Some of you know we had a hell of a storm come thru Kansas city.....So we were called out yesterday morning... we had a 70xt, and another guys s250... This thing was ruff.....I mean really ruff... They send my brother to go pick this thing up on some farm land... out in the middle of a field.... No GLASS in it at all.....NONE!!!! 1 tire off the rim... none of the 4 tires match..... NO fuel cap....half a seat..TOOTH BUCKET WITH 3 OR 4 TEETH..just load trucks!!!!... I am thinkng...I'm going home when he get's here and I see it...So I climb in it... dig all the snow out.. cause there is no window's... My brother says it runs.... goodluck..... It fires up... unloaded it... dig out more snow..I'm 6'1 330lbs.. need some room...  ....get the tire back on with starting fluid... go get air at the gas station....put a rag in the fuel tank...It has 3200 hrs... bobtach, both hand and foot controlls, high flow, 2 speed..... ...Can you believe!!!!! THIS WAS THE FASTEST, MOST POWERFULL, TIGHTEST MACHINE I HVE EVER OPERATED BESIDES A NEW ONE!!!!!!!!!! THIS THING IN HIGH IN THE 2 SPEED WAS THE FASTEST MACHINE I HAVE EVER OPERATED!!!!!! So I guess sometimes just cause it look like a pile of crap... don't judge it all..... He paid $8000 for it last year... I tried to buy , he said no..... I will buy a 2 speed machine now for sure!!!!!!!!


----------



## AmesLandscaping (Jan 4, 2008)




----------



## AmesLandscaping (Jan 4, 2008)




----------



## AmesLandscaping (Jan 4, 2008)




----------



## AmesLandscaping (Jan 4, 2008)

and one other thing... the bucket was cracked right down the middle about 8 inches... in half.........I think the bobtact was the only thing holding the bucket together......


----------



## mdb landscaping (Sep 29, 2000)

Little overloaded on the trailer?


----------



## sidthss (Oct 23, 2009)

Just because the paints bad doesnt mean they run bad, glad it worked out for ya.

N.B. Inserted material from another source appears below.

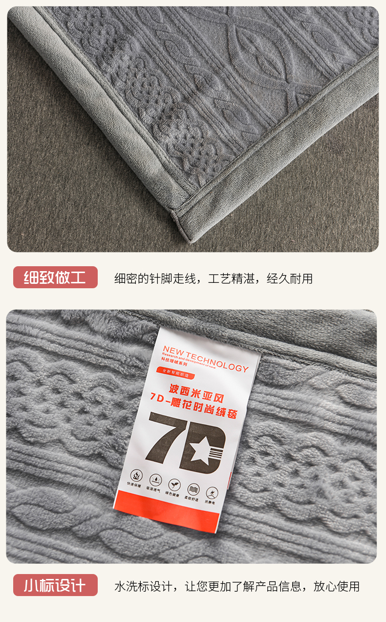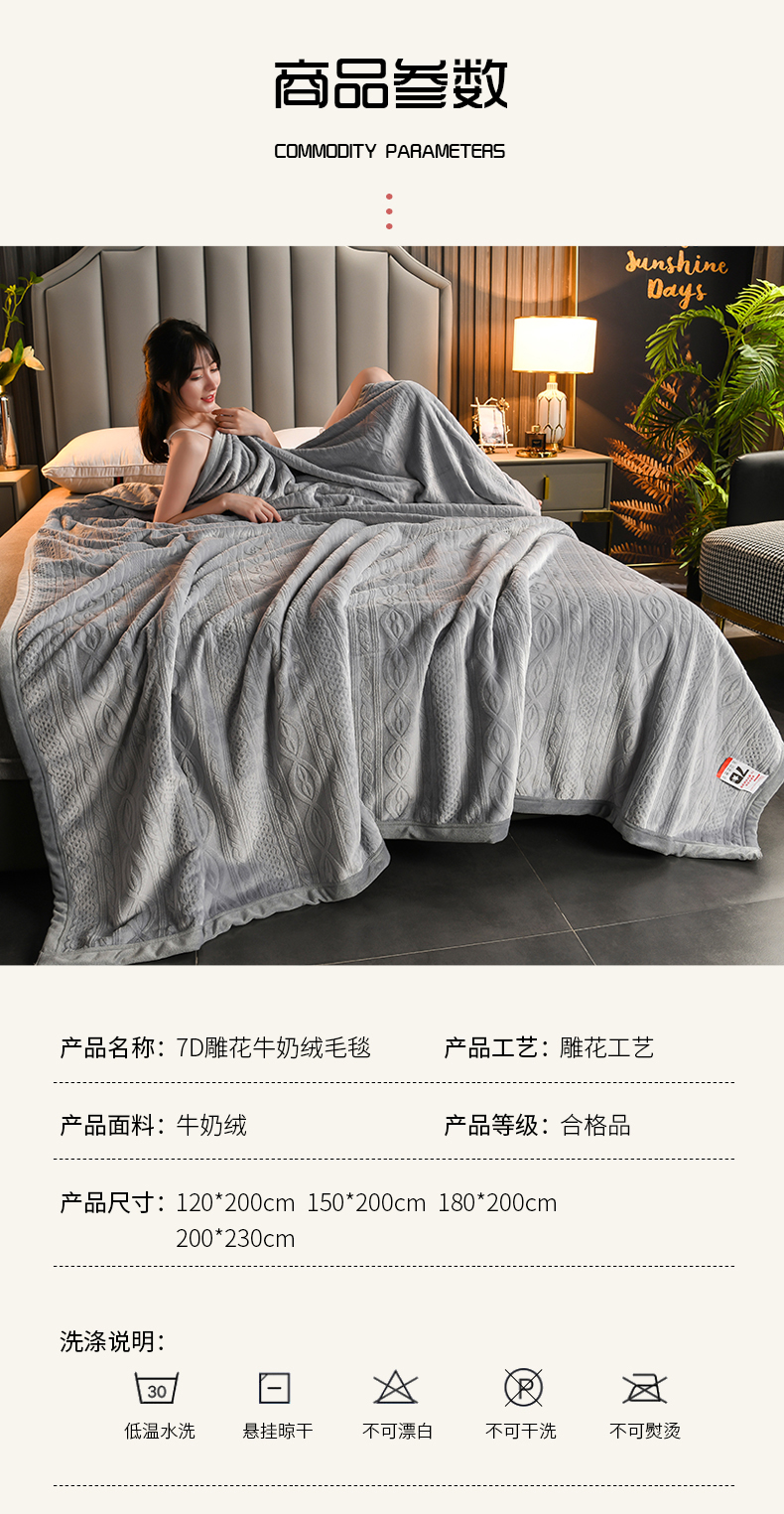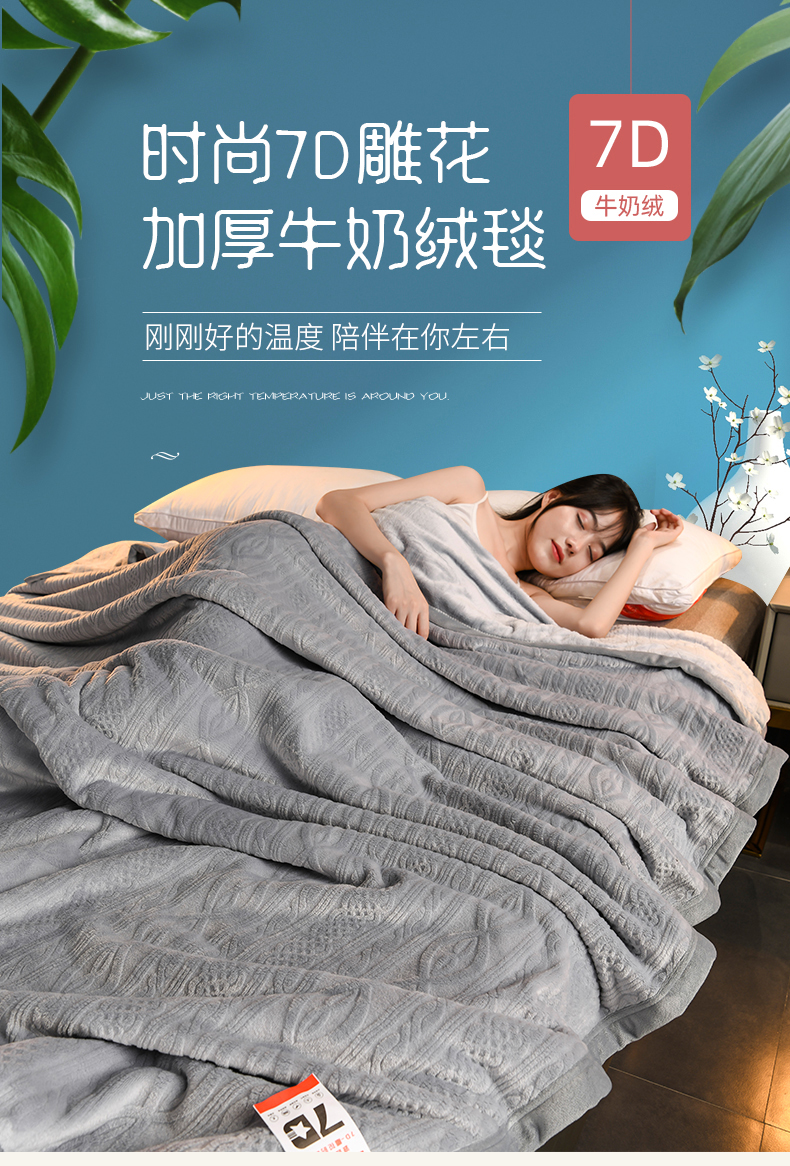 商品名称:小牛席业 2025新款7D雕花牛奶绒毛毯 灰色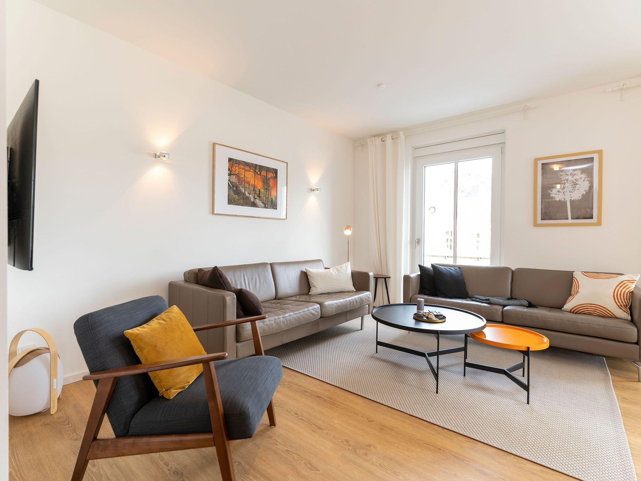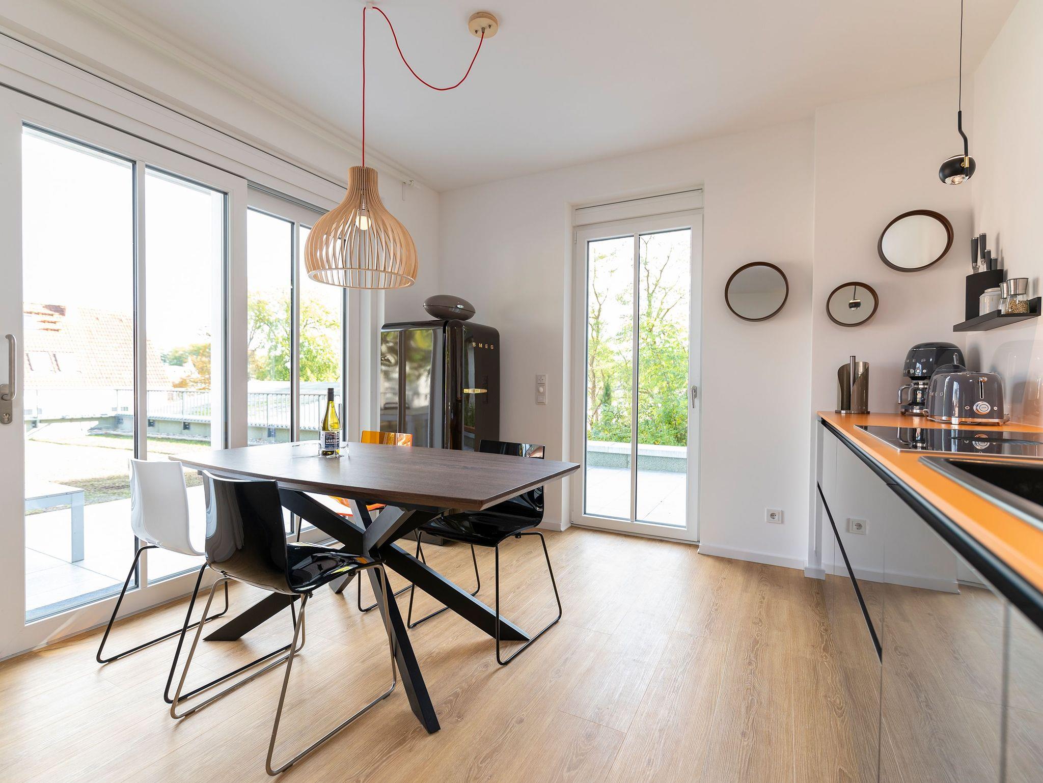 Die 73 Quadratmeter große Wohnung bietet Platz für bis zu vier Personen und ein Kleinkind, und auch Ihr vierbeiniger Freund ist hier herzlich willkommen. Genießen Sie modernen Wohnkomfort in drei stilvoll eingerichteten Zimmern. Der offene und großzügige Wohn- und Essbereich mit seiner voll ausgestatteten Küchenzeile, inklusive Nespressomaschine und Borakochfeld, lädt zum gemeinsamen Kochen und Verweilen ein. Eine Waschmaschine ist für Ihren Komfort ebenfalls vorhanden.

Putting that dodge to work huh??


----------



## shooterm (Feb 23, 2010)

We had a T-190 we bought that demo'd like crap and nobody wanted like three years ago. Ended up with a cheap deal. Got it back to the shop and couldn't get the lead shop mech to replace a really worn sprocket and roller. Thing jumped like crazy and would shake the teeth out of yah. Anyways barely was used tell last year a foreman dropped it at the office door and tagged it out. Two new sprokets, couple rollers, and new tracks. Thing handled better then the newest models and barely had hours on it. We used the crap out of it last year and was best skidloader by far. Its funny how "crap" equipment can be fixed by one little quik fix(was just a really badily bent sprocket).


----------



## baslertrucking (Nov 7, 2009)

who loaded that dump trailer so damn high! ;-)


----------



## rob_cook2001 (Nov 15, 2008)

What kind of wheels are on that dodge??
Robert


----------



## AmesLandscaping (Jan 4, 2008)

rob_cook2001;1039345 said:


> What kind of wheels are on that dodge??
> Robert


20x10's???? not sure who makes them...eagle or centerline I think, my brother bought them used for like $200 ......


----------



## 87chevy (Mar 11, 2009)

Looks sweet... 

Gotta love the "junk"


----------